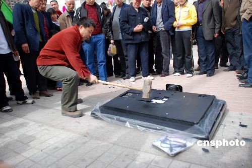 組圖:新疆一消費(fèi)者街頭怒砸彩電(2)
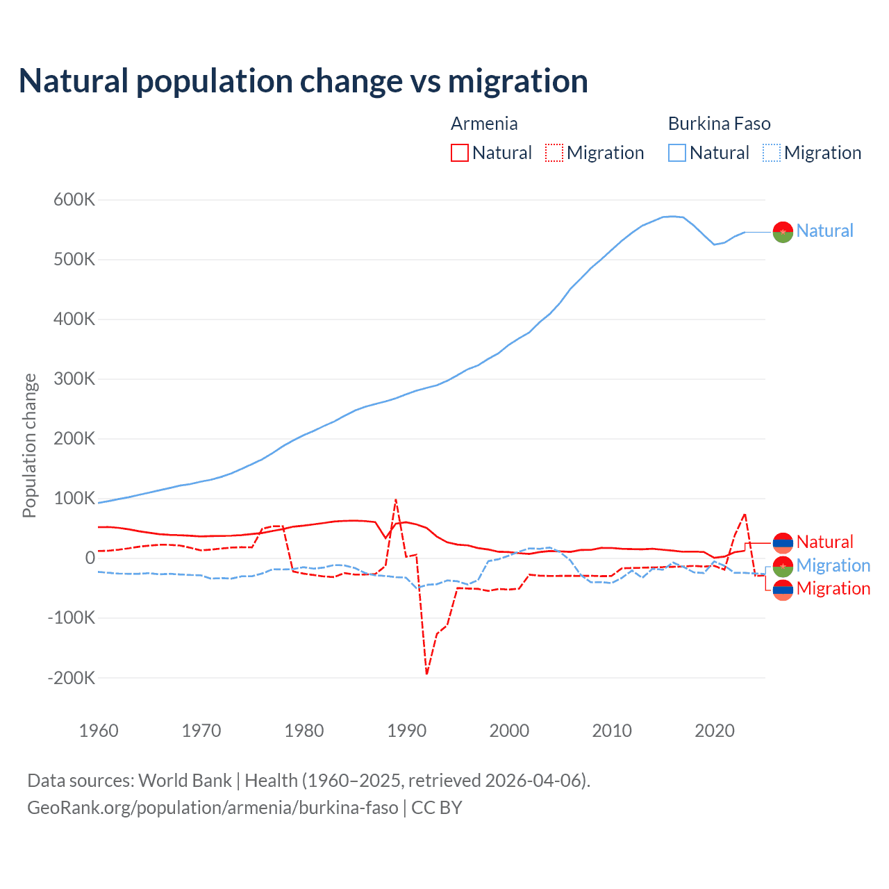Over the last 10 years, 93.5% of the population change in Armenia is from natural causes (a gain of 97,267 people) and 6.54% is from migration (a loss of 6,808 people). In Burkina Faso 96.9% is from natural causes (a gain of 5,506,960 people) and 3.13% is from migration (a loss of 177,923 people).
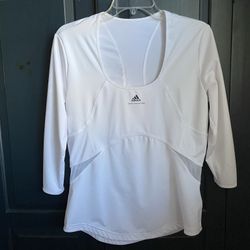 Women’s ADIDAS Polyester/spandex active wear white 3/4 sleeve top… Size 10/12$7Pt Pleas Bch, NJ
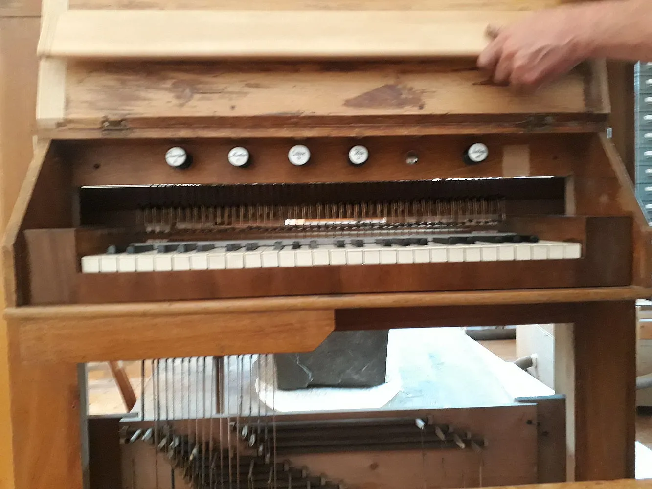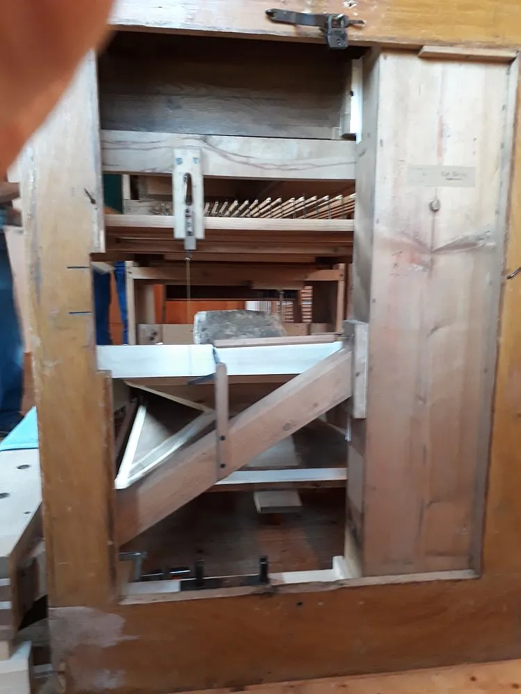 Im Frühjahr 2017 wurde die Orgel von den Mitarbeitern des Herrn Linder und mit unserer Mithilfe abgebaut. Herr Linder erklärte uns, dass der Motor der Orgel neben der Orgel versenkt wird, um bei Reinigungsarbeiten einen besseren Zugang zu haben. Bei abgehaltenen Ausschuss-Sitzungen wurde über die anfallenden Arbeiten gesprochen, über den Kontostand sowie über weitere Spendensammlungen. Ein Besuch der Orgelbauwerkstatt Linder wurde vorgeschlagen.
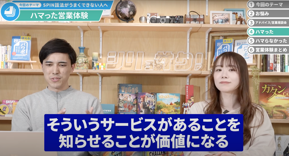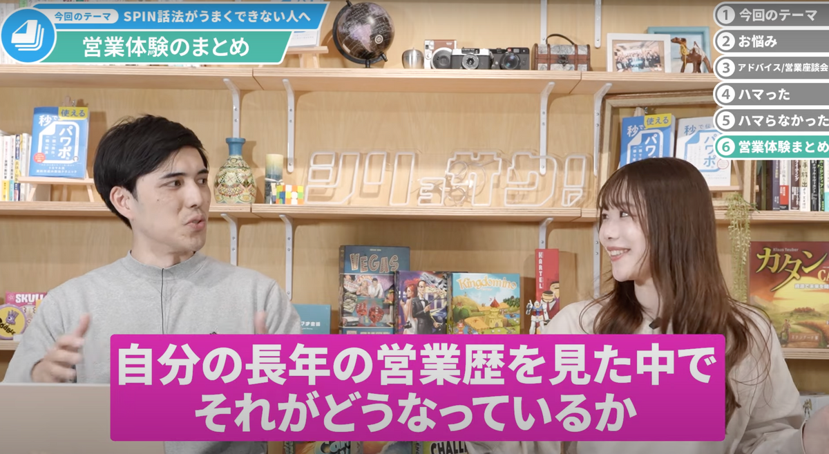 久保田:SPINないしは、「営業体験としてすごく良かったな」とか、「これは知らなかったけど、気づかされたな」というものはありますか?
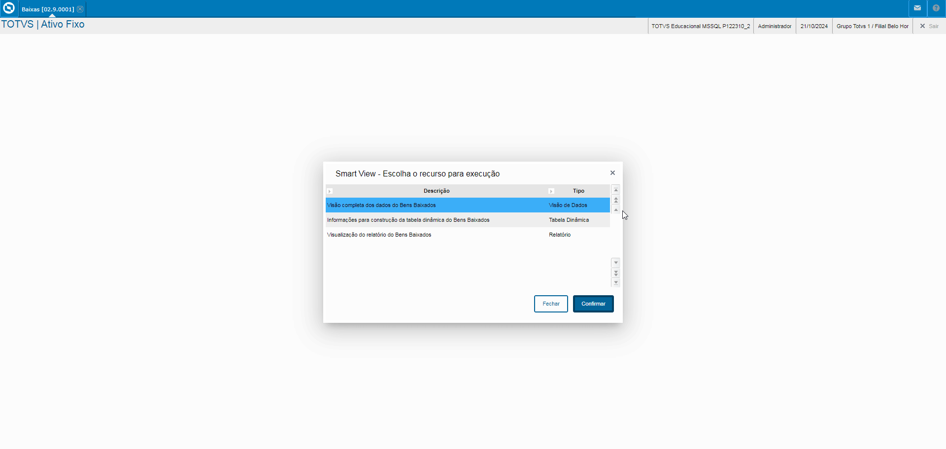 Esse relatório tem como objetivo exibir a Listagem da Visão Gerencial Bens Baixados.

- Exercise brief:
Could you reproduce exactly, and only, the lines from the one containing "久保田:SPINないしは、「" through the end of the records above, both included, while leaving out the pictures?

- Written answer:
 久保田:SPINないしは、「営業体験としてすごく良かったな」とか、「これは知らなかったけど、気づかされたな」というものはありますか?
 Esse relatório tem como objetivo exibir a Listagem da Visão Gerencial Bens Baixados.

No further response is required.